ISOCPP sg16 List: Re: Agenda for the 2022-07-13 SG16 telecon; no official meeting

From: Corentin Jabot <corentinjabot_at_[hidden]>
Date: Sun, 10 Jul 2022 13:25:56 +0200

On Sun, Jul 10, 2022 at 8:37 AM Jens Maurer <Jens.Maurer_at_[hidden]> wrote:

> On 10/07/2022 00.03, Corentin Jabot wrote:
> >
> >
> > On Sat, Jul 9, 2022 at 9:03 PM Jens Maurer <Jens.Maurer_at_[hidden] <mailto:
> Jens.Maurer_at_[hidden]>> wrote:
>
> > Are there places other than identifiers where we can have UCNs
> > outside of char/string literals? If not, maybe we should massage
> > the grammar definition of _identifier_ instead of persisting
> > the handwaving in lex.phases p4.
> >
> >
> > The idea of doing it there, as we form preprocessor tokens, is that we
> don't want to
> > int i\N{SEMICOLON} to do something (I don't think implementers would
> like that).
>
> I don't understand. What does "do something" want to say?
> If we specify _identifier_ to accept any well-formed UCN
> and we then say that an _identifier_ containing a UCN
> for a basic character is ill-formed, that would seem
> to work.
>

I think I got what you are saying.
We could put universal-character-name in the grammar of identifiers:

identifier: <http://eel.is/c++draft/lex.name#nt:identifier>
    *identifier-start* <http://eel.is/c++draft/lex.name#nt:identifier-start>
   *identifier* <http://eel.is/c++draft/lex.name#nt:identifier>
*identifier-continue*
<http://eel.is/c++draft/lex.name#nt:identifier-continue>
identifier-start: <http://eel.is/c++draft/lex.name#nt:identifier-start>
   *nondigit* <http://eel.is/c++draft/lex.name#nt:nondigit>
   an element of the translation character set of class XID_Start
   *universal-character-name*
identifier-continue:
<http://eel.is/c++draft/lex.name#nt:identifier-continue>
  *digit* <http://eel.is/c++draft/lex.name#nt:digit>
  *nondigit* <http://eel.is/c++draft/lex.name#nt:nondigit>
  an element of the translation character set of class XID_Continue
  *universal-character-name*

Because identifiers are maximally munched, this would work, and we could
remove the wording from phase 4.
(We would need some additional wording in [lex.name] of course).
Was that your idea?
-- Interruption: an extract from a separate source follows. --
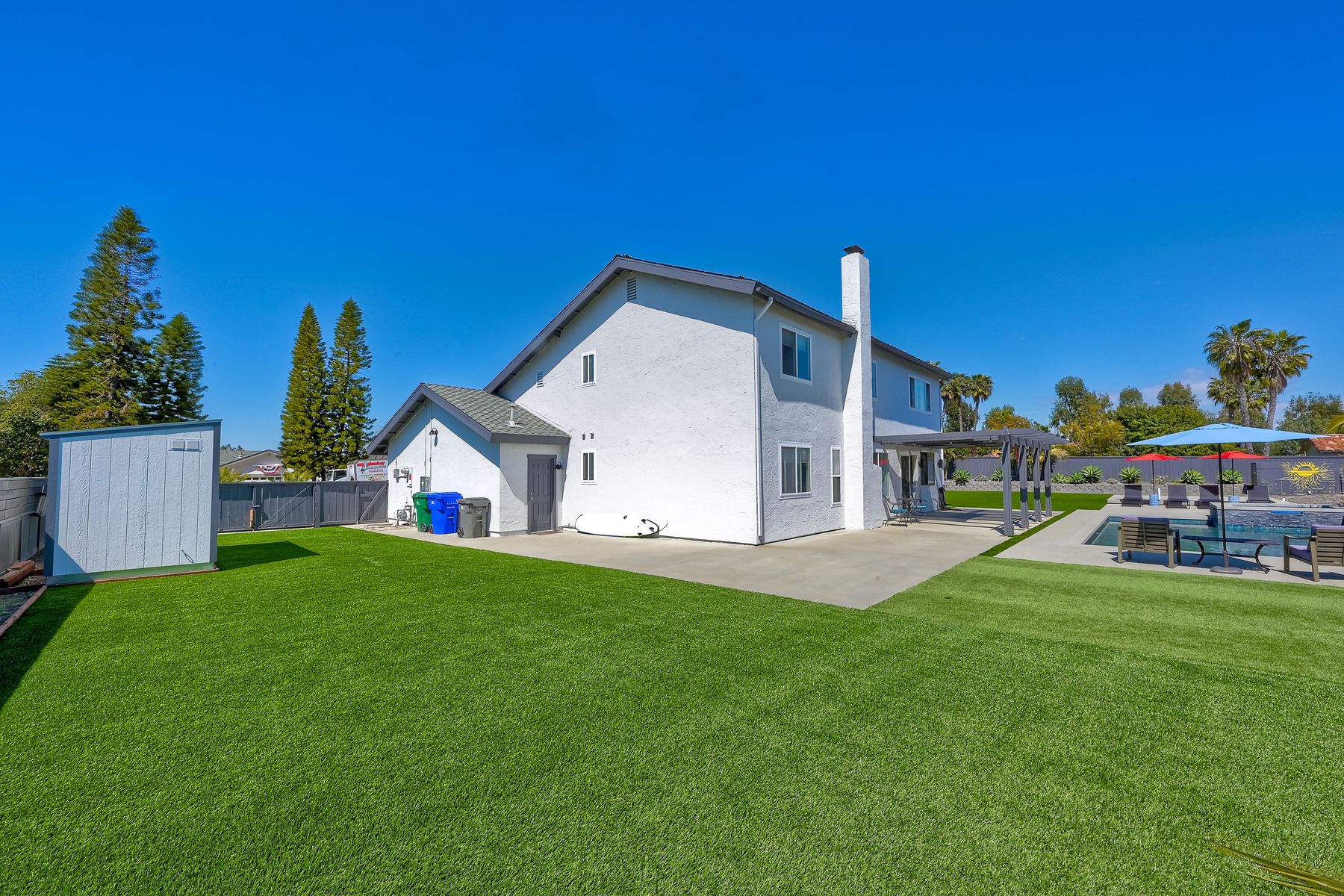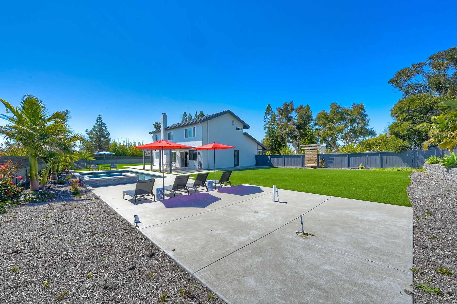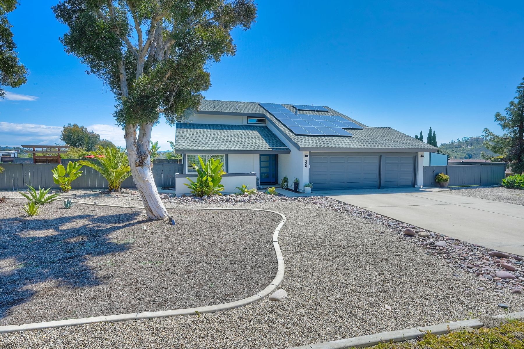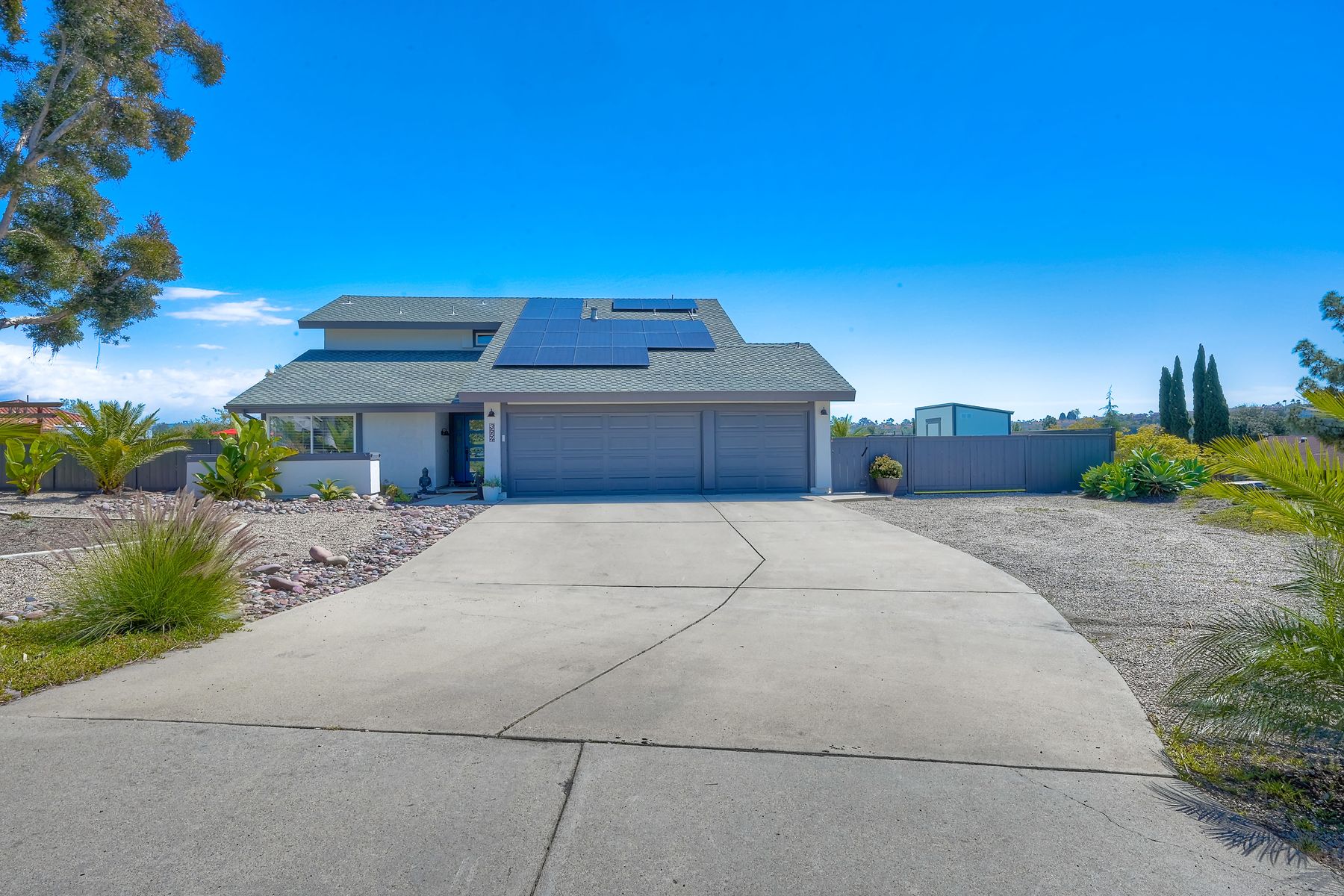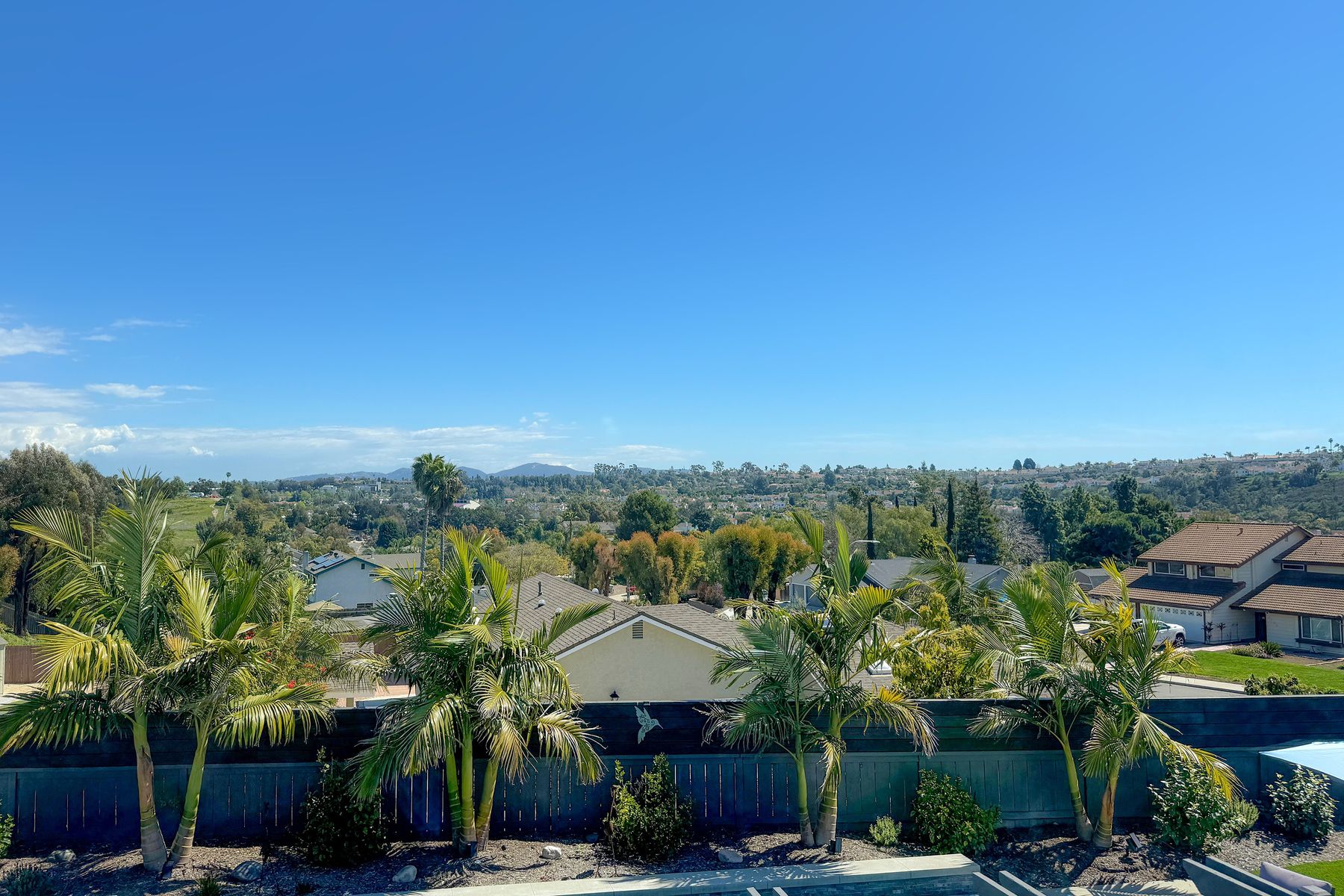 Relocation forces sale & quick $40,000 drop-RV parking or space for an ADU with this highly sought-after Sunset Hills home on a private .47-acre corner lot with stunning hilltop views. No HOA or mello roos. Completely remodeled open floor plan featuring a new kitchen with a gas Wolf stove, stainless steel appliances, and a spacious quartz island. New wood floors & stairs, baseboards, and gas hook up fireplace. Upgraded roof, and a new pebble tech saltwater pool (37 x 17) with spa and swim jet controlled with pentair app. Low-maintenance artificial turf in the backyard & an enormous front yard plus RV parking on the left side behind the fence. The owners planned ahead with a ready-to-use cement pad wired & plumbed for future outdoor kitchen installation or ADU. Outdoor shower and lush landscaping create a resort-like atmosphere. Solar panels added in 2022, including pool heating .Freshly professionally painted interior and exterior. RV or boat parking and ample space for an ADU or house addition. 3-car garage plus 5 + driveway parking. Convenient location near freeway access, Costco, restaurants, and just minutes from the beach. A unique property in the neighborhood. Enjoy the distant mountain views & a country feel minutes from all conveniences. Enjoy this showstopper with a massive statement tree in front with mature bird of paradise plants - Welcome to paradise 5 miles to the beach ! This home borders Vista & Carlsbad with good schools nearby ! Recently new Artificial turf on RV side, new tough shed , coffee bar, garage drywall & new closet doors finished this month but seller was relocated now.. Had accepted offer this last weekend but buyer couldn't do a bridge loan so canceled...seller may owner finance short term with a large down in leau of cont offers.

In which case, I like the direction

>
> > andi\N{SEMICOLON} doesn't match the grammar of an identifier, so I
> think an eager replacement makes sense.
> > We should avoid having to carry these things around through phase 3.
> >
> >
> >
> >
> > > https://isocpp.org/files/papers/P2621R0.pdf <
> https://isocpp.org/files/papers/P2621R0.pdf> <
> https://isocpp.org/files/papers/P2621R0.pdf <
> https://isocpp.org/files/papers/P2621R0.pdf>>
> >
> > Should this go to SG12, because it discusses undefined behavior?
> >
> >
> > I'm hoping that removing UB from a context in which no UB can
> meaningfully exist doesn't require
> > to visit all the groups
>
> Nobody was suggesting "all the groups"; the suggestion was to visit the
> specific group that deals with UB. I expect a rubber stamp, given the
> nature of UB and the implementation consensus.
>
> > > * Some unicode algorithms are unbounded, and may require
> allocation. A small_vector would help specification,
> >
> > Why would it help with the specification?
> >
> >
> > I guess we could say "does not allocate if some variable is smaller
> than X" but implementers will have to have a small vector as an
> implementation detail so if
> > people have the idea that such a thing should be standardized anyway,
> it's something that could be useful.
>
> If something needs allocation for extreme cases, we already have to
> deal with the consequences (e.g. throwing std::bad_alloc) in the
> specification. It feels entirely an implementation-internal
> optimization to avoid the allocation for some cases.
> "Recommended practice" is the tool to guide implementations the
> right way here. I'm still not seeing a need for small_vector
> for the specification.
>
> Jens
>

Received on 2022-07-10 11:26:08